BMG KATA Leads to Improved Patient Experience in Person and By Phone

Baptist Medical Group (BMG) Executive Director of Operations Sean Nelson talks about how the team at BMG-Finn Internal Medicine improved patient experience scores working with Baptist Management Systems.

Baptist Medical Group (BMG) Executive Director of Operations Sean Nelson talks about how the team at BMG-Finn Internal Medicine improved patient experience scores working with Baptist Management Systems.       

“We discovered through our KATA that one of the biggest contributors to the patient experience score was wait times, from entering a waiting room to check out,” said Sean. “So this was our first focus.” Starting in June 2016, the staff has revamped the clinic workflows from the way patients are scheduled through the rooming process. The result: in June 2016, seven of 22 patients had a wait time of less than 10 minutes. In January of 2017, an average 15 out of 22 patients had a wait time of less than 10 minutes.

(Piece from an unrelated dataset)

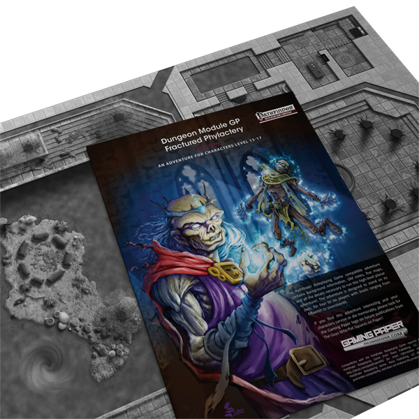 The Fractured Phylactery is an adventure for 15th–17th level characters. Written by John Ling, maps by Robert Lazzaretti, and with stunning artwork by Joel Biske this adventure is compatible with the Pathfinder Roleplaying Game.

While Finn Internal Medicine is only halfway through the KATA, already it has seen significant improvements. “We have moved from an initial ranking of the 60th percentile (as compared to outpatient practices nationwide) to a 90th percentile ranking currently. And we have been able to decrease wait times without affecting the number of patients seen. Increasing the patient experience scores by 30 percent is exciting.”

Here’s a breakdown of their journey:

The Medical Group dialed up a success story as well. Starting in June 2016, The Medical Group worked a KATA on how calls are answered.  “Our goal is to have a greater than 90 percent answer rate, said Sean.  “Already we have improved from an initial 60 percent to our current 72 percent.” As they moved through the KATA, several opportunities presented themselves.

Voicemail.  “It became a crutch and created a need for a fulltime person to pull voicemail each day and return calls.  So we turned voicemail off,” said Sean.

Workflows.  Initially, three staff members worked the phones. Nurses often would be too busy with patients to take calls live.  “After restructuring, we now have five to six employees answering the phone and have a phone nurse. We were able to do this without adding any full-time employees to the clinic.”

Better utilization of MyChart.  “Previously, we handled many prescription refills by phone,” said Sean. “We thus heavily promoted signing up for MyChart so patients could order refills and have questions answered via secure messaging.”

Messaging.  Prior to KATA, the MyChart Scheduling In-Basket and Staff Messaging In-basket had 200+ messages. The Patient Insurance In-Basket had more than 250 messages. “We now keep up with this daily and have implemented a workflow through KATA,” said Sean. “We also believed that decreasing provider and nursing in-baskets would decrease calls and improve patient satisfaction, so we piloted a new process with one physician.” So far, the team has decreased her in-basket from 50 or more results and 15-20 phone calls remaining per day to zero per day, while at the same time reducing overtime.

“As a leader, KATA has been fun for me because I see the excitement in people’s eyes when they achieve successful results,” said Sean. “Their ideas make things flow more smoothly and have a positive impact on our patients.”  And that success rings well in any ear.